Stored data:
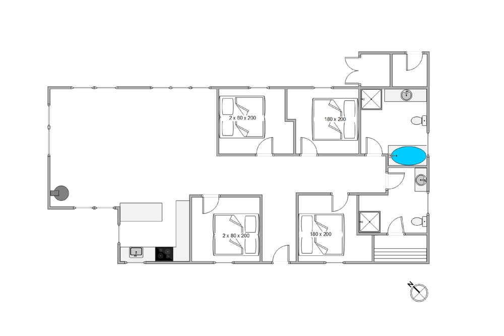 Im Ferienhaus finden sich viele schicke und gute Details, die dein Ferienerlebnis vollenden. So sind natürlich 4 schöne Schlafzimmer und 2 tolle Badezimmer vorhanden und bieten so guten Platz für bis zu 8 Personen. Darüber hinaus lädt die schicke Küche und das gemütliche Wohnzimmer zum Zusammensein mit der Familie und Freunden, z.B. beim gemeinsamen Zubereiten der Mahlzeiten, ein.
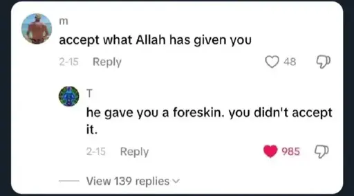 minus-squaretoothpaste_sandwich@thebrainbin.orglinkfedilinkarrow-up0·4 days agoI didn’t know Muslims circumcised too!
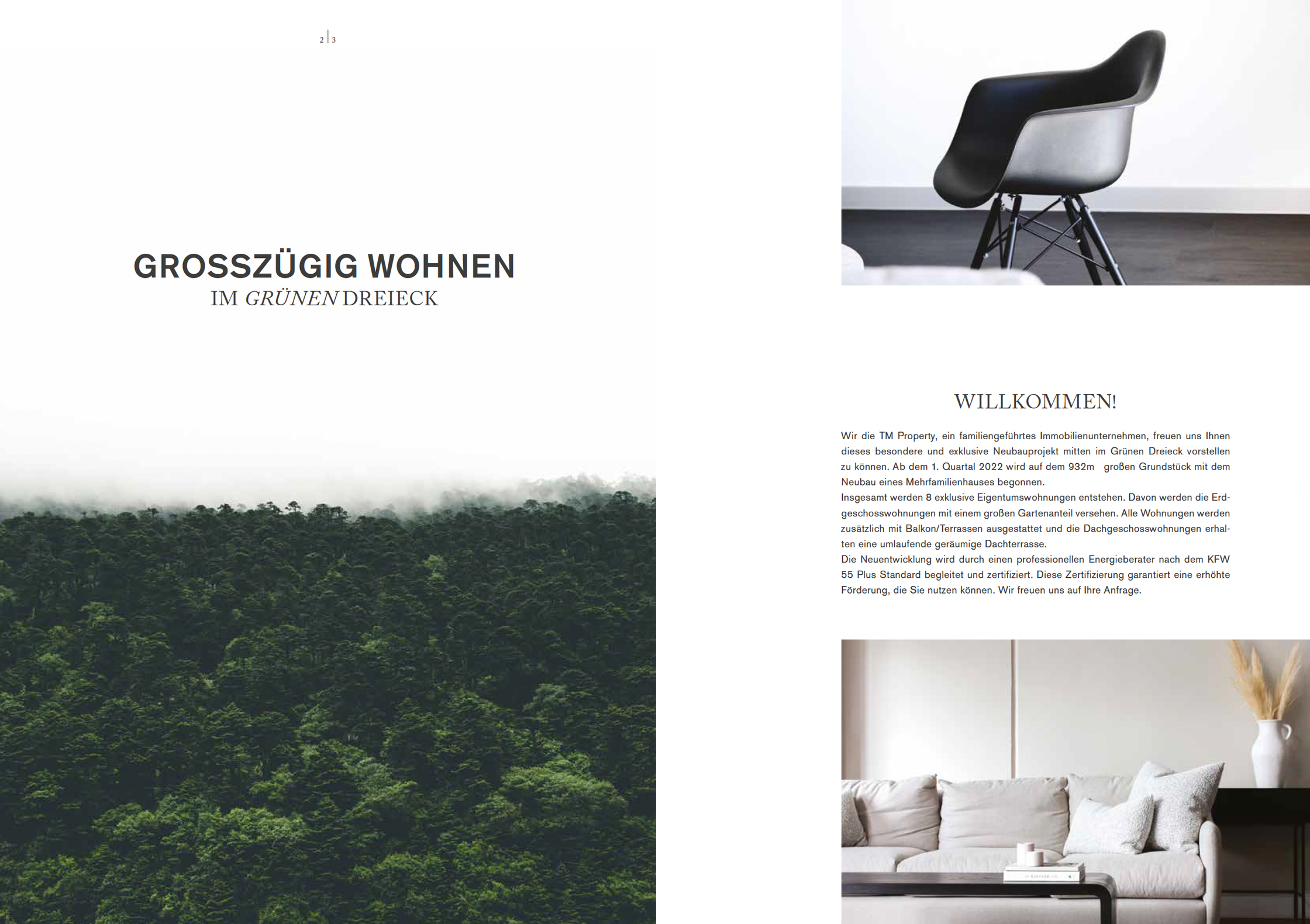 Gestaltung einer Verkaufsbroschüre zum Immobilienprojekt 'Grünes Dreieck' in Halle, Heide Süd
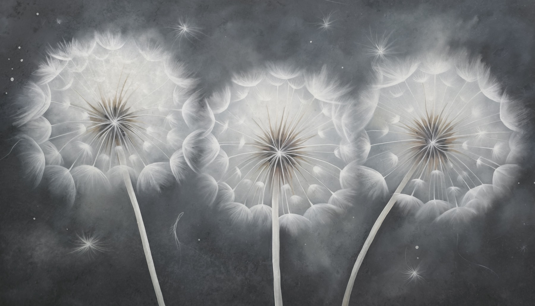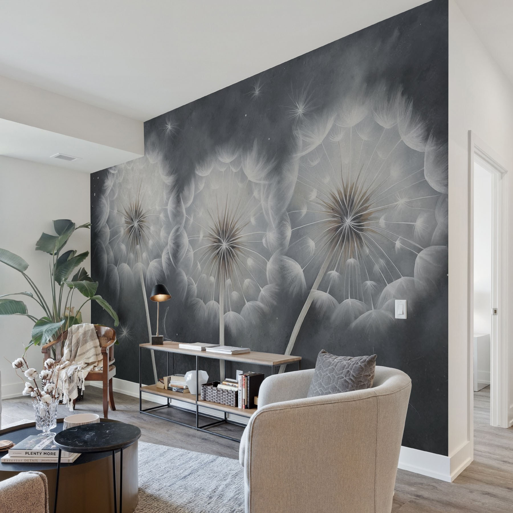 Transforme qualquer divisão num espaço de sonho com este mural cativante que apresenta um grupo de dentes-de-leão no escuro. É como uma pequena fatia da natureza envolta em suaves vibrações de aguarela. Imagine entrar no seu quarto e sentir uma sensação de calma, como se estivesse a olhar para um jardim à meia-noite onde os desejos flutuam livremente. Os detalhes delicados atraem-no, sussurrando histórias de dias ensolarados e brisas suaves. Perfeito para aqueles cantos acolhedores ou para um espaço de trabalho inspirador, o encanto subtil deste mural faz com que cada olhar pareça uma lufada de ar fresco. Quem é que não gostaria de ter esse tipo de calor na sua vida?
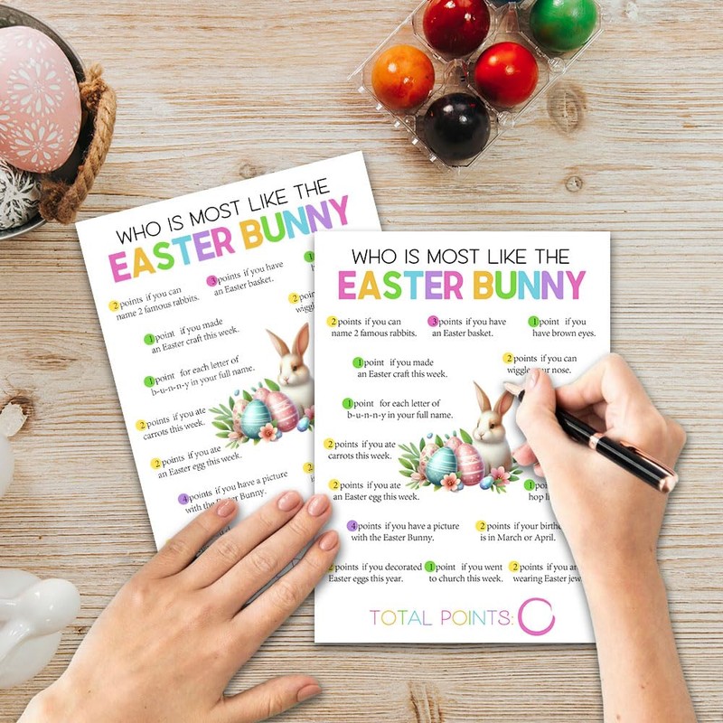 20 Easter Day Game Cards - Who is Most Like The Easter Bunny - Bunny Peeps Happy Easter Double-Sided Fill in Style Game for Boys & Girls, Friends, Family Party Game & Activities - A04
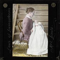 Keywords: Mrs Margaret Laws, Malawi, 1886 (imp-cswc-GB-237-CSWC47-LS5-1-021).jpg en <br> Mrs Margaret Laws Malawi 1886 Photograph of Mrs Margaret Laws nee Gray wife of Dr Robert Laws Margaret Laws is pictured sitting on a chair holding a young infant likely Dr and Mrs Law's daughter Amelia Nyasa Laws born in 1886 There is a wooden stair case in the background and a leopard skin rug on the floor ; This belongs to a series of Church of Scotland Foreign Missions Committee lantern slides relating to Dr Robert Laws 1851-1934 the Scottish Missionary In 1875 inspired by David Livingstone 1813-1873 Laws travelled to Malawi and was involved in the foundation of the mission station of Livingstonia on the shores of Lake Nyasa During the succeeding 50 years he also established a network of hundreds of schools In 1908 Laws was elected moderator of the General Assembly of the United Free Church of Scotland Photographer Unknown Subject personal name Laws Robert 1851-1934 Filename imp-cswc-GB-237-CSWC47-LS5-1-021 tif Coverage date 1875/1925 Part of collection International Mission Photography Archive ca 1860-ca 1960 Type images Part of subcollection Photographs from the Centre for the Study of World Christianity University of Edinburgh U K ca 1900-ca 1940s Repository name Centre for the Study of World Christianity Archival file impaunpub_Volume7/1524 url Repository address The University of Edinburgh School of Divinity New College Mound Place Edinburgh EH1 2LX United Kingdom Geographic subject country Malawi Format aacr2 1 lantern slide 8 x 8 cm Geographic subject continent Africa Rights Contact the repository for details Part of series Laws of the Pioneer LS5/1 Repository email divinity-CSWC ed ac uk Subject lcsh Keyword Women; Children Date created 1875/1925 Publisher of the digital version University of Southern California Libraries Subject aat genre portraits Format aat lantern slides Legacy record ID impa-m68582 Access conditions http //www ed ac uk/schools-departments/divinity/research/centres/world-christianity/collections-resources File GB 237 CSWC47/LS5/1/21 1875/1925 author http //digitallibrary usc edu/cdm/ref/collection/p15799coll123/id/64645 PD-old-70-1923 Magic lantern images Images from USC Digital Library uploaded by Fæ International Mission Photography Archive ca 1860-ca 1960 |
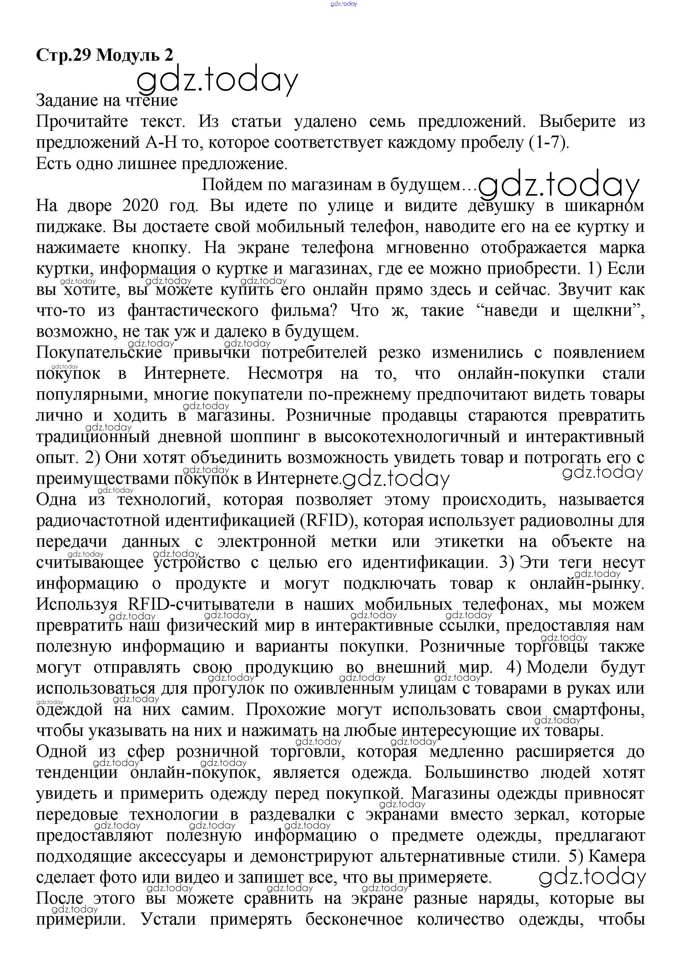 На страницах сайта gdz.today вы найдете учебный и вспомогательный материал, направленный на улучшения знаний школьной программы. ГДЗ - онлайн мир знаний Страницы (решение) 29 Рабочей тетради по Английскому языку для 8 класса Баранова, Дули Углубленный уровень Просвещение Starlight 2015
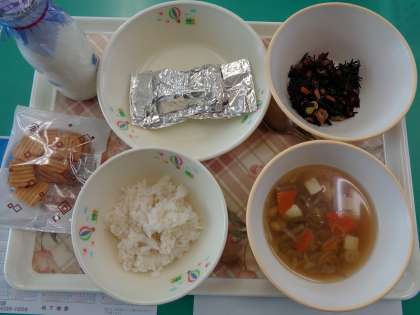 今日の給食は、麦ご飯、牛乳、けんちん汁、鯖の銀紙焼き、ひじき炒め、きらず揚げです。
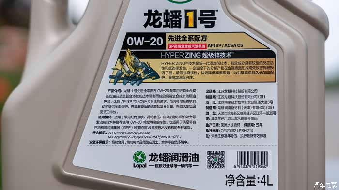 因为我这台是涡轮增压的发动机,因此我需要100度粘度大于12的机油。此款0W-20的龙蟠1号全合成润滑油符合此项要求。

Problem to solve: From the line containing "今日の給食は、麦ご飯、牛乳、" to the last line of the material, every line is to be reproduced exactly. No picture belongs in the copy.

The completed task:
 今日の給食は、麦ご飯、牛乳、けんちん汁、鯖の銀紙焼き、ひじき炒め、きらず揚げです。
 因为我这台是涡轮增压的发动机,因此我需要100度粘度大于12的机油。此款0W-20的龙蟠1号全合成润滑油符合此项要求。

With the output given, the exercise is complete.